If technical or data protection reasons complicate the analysis of real networks, they can be simulated using synthetic networks.
Researchers at Goethe University Frankfurt are developing synthetic networks that do not require supercomputers but instead can run on off-the-shelf PCs.

Tests on artificial networks

“There are many applications that require synthetic networks,” says Ulrich Meyer, Professor of Algorithm Engineering at Goethe University Frankfurt and a fellow at the Frankfurt Institute for Advanced Studies (FIAS). In some applications, data protection plays a role, which is why, for example, people often use only simulated data to study contacts between users on social media. Or researchers want to play through different scenarios that do not yet exist in order, for example, to introduce new functions in social media and examine possible links between people beforehand. Sometimes, it is also extremely difficult to obtain exact data, such as in the case of neural connections in the nervous system.
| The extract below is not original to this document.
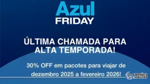 Aproveite a AZUL FRIDAY 2025 e garanta 30% OFF em pacotes de viagem (aéreo + hotel) usando o promocode VERAO30.…

In physics, too, large amounts of synthetically generated data are needed to train algorithms for many different applications. In some network analyses, the real-world datasets are so vast that it would take a long time to feed them into a supercomputer.
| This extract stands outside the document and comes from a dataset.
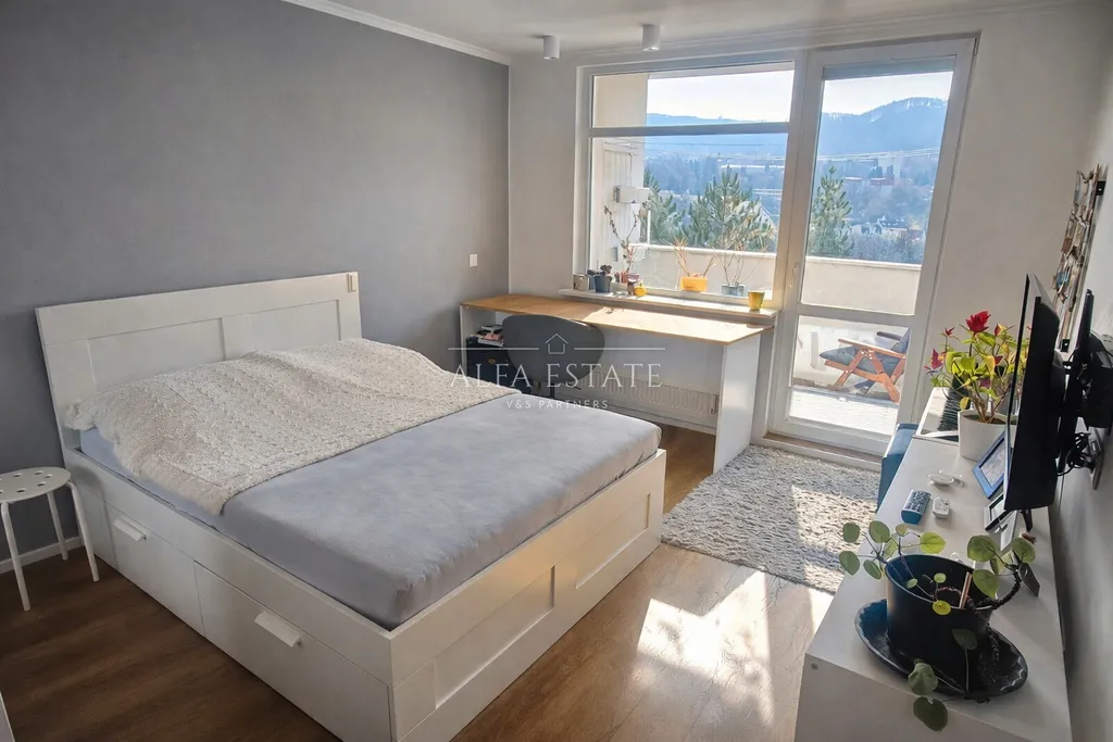 Interiér tvoří prostorná vstupní hala s vestavěnými úložnými prvky, elegantní koupelna se sprchovým koutem, designový kuchyňský kout s kuchyňskou linkou na míru značky Gorenje a kvalitními spotřebiči, plynule propojený s jídelní částí a světlým obývacím prostorem. Za obývacím pokojem se nachází klidová ložnice. Na opačné straně bytu je umístěna druhá prostorná ložnice s přímým vstupem na lodžii, odkud se otevírá úchvatný výhled na Karlovy Vary — ideální místo pro ranní kávu i večerní relaxaci.

But such an “electronic brain” can generate a comparable synthetic network itself in a short time. This is because supercomputers not only have thousands of processors, which enable extremely fast computing operations, but also the enormous memory capacity that is needed to access and process the many gigabytes or terabytes of data that larger networks can produce. On the downside, computing time on supercomputers is expensive and limited in terms of availability. “That’s why we’ve been working with our research team for years to optimize the processes for generating synthetic networks,” says Meyer. The goal is to make working with larger synthetic networks feasible on ordinary computers. So far, however, the 8 to 16 gigabytes of RAM available on most computers are not up to the task, as computer scientist Meyer explains: “This is where the difficulty lies because the computer has to transfer data from RAM to the hard disk, which significantly increases loading times for unstructured access patterns. This slows down the computer significantly – by several orders of magnitude – and can quickly make working with such networks impossible.”
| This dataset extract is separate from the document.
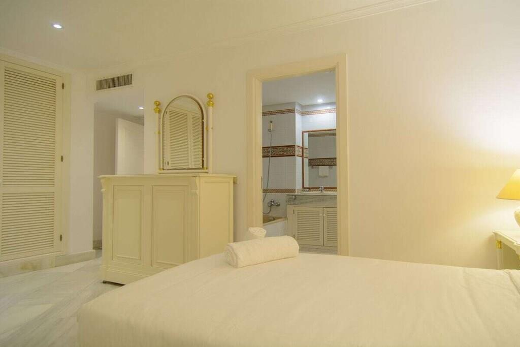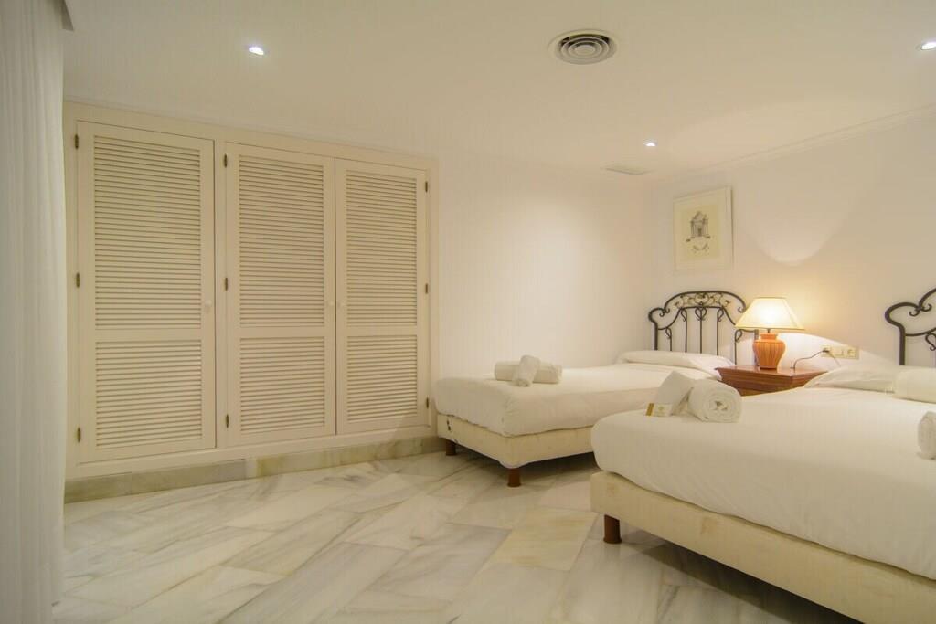 Genießen Sie die Vorteile einer exquisiten Unterkunft nur 150 Meter von Playa de la Vibora in der erstaunlichen White Pearl Beach Urbanisation mit drei Pools und Garten platziert. Die Wohnung ist geräumig (180m2) es hat drei Schlafzimmer (zwei von ihnen mit eigenem Bad), ein geräumiges Wohnzimmer mit einem Sitz- und einem Essbereich, eine saubere Küche und eine große Terrasse (75m2) mit Grill. ~ Innen Diese elegante Wohnung (180m2) verfügt über ein geräumiges Wohnzimmer mit einer Sitzecke und einem Essbereich. In der Sitzecke stehen zwei große bequeme Sofas neben einem Couchtisch vor einem Flachbildfernseher. Der Essbereich hat einen Glastisch für acht Personen und bietet einen schönen Blick auf die Terrasse. Die Fenster von Wand zu Wand und die Tür zur Terrasse lassen viel Licht in das Wohnzimmer eindringen. Der Glastisch steht auf eleganten Marmorsäulen. Die Sitzecke hat einen eleganten Marmortisch mit Glas und zwei bequeme große Sofas. Das Design ist elegant, Marmorfliesenböden, schöne und dezente gerahmte Grafiken, antike Möbel. In diesem Bereich gibt es einen Tisch, der ideal für einen Laptop ist, falls Sie während Ihres Aufenthalts arbeiten möchten. Das Hauptschlafzimmer ist mit einem bequemen Bett (180x200cm) ausgestattet und verfügt über große Schränke, Rattan-Schubladen, Spiegel und Lampen mit Lampenschirmen. Das voll ausgestattete Badezimmer hat eine Badewanne, ein Doppelwaschbecken und eine begehbare Dusche. Das zweite Schlafzimmer hat ein Doppelbett (150x190cm) und ein Einzelbett (90x190cm), große Kleiderschränke und Zugang zu einem Familienbad mit begehbarer Dusche. Das dritte Schlafzimmer hat zwei Einzelbetten (2x105x190cm), Nachttische, einen Spiegel und bietet Zugang zu einem eigenen Bad mit Badewanne, Doppelwaschbecken, begehbarer Dusche und Toilette. Die Küche verfügt über alle Geräte (Backofen, Mikrowelle, Ceranfeld, Kühlschrank, Gefrierschrank, Geschirrspüler, Kaffeemaschine, Toaster, Wasserkocher) und Zubehör für einen komfortablen Aufenthalt. Es gibt auch eine Waschküche mit Waschmaschine und Bügelbrett. ~ Terrasse Vom Wohnzimmer aus haben Sie Zugang zu einer unglaublichen 75m2 großen Terrasse mit herrlichem Blick auf den Garten und die Pools. Hier gibt es einen großen Esstisch für sechs Personen und eine Sitzecke mit einem großen Sofa, bequemen Sesseln und einem Couchtisch. Auf der Terrasse befindet sich auch ein Gasgrill, so dass Sie die Zeit mit Ihrer Familie und Ihren Freunden in vollen Zügen genießen können. Die zwei Sonnenliegen machen den Aufenthalt hier noch angenehmer. Versorgungseinrichtungen: Internet, TV, Klimaanlage, Backofen, Mikrowelle, Vitrokeramik, Kühlschrank, Gefrierschrank, Geschirrspüler, Kaffeemaschine, Toaster, Wasserkocher, Waschmaschine. Räume: 3 Schlafzimmer, 3 Bäder, großes Wohn- und Esszimmer, 1 Küche, Hauswirtschaftsraum. Möblierung: Einzelbetten (3), Doppelbett (2), Esstisch (8), Esstisch im Freien (6), Sitzecke im Freien (6). Alle Schlafzimmer haben Kleiderschränke. Sonstiges: Bettwäsche, Handtücher, Internet und Garagenparkplatz inklusive. Draußen: Terrasse, gemeinsames beheiztes Schwimmbecken, Kinderbecken, gemeinsamer Garten, Garagenstellplatz, Parkplatz auf der Straße.

PC instead of supercomputer

Another member of the team is Manuel Penschuck, whose doctoral thesis dealt with the generation of synthetic networks. He is now working as a postdoctoral researcher in the Frankfurt group. As he points out, the scalability of such processes is crucial. “If it were possible to create large networks on ordinary computers in a reasonable amount of time, then this could make many applications possible that today we cannot even anticipate,” he says. This has often been the case in the past: new technical possibilities lead to new applications. When the first personal computers came onto the market, no one could have imagined that private individuals would ever need more than a few megabytes of storage space. But today, video games, image processing and video editing require many gigabytes of data.

The fact that so many unstructured access operations occur when creating synthetic networks is due to the networks’ architecture: “In many network models, if you add a new node to a network, it can be linked to random other nodes from the existing network,” explains Penschuck. “If the old node is not in the main memory but located on the hard disk, it must be read from there first.” The Frankfurt researchers have therefore developed special systems for mitigating slow hard disk or SSD access.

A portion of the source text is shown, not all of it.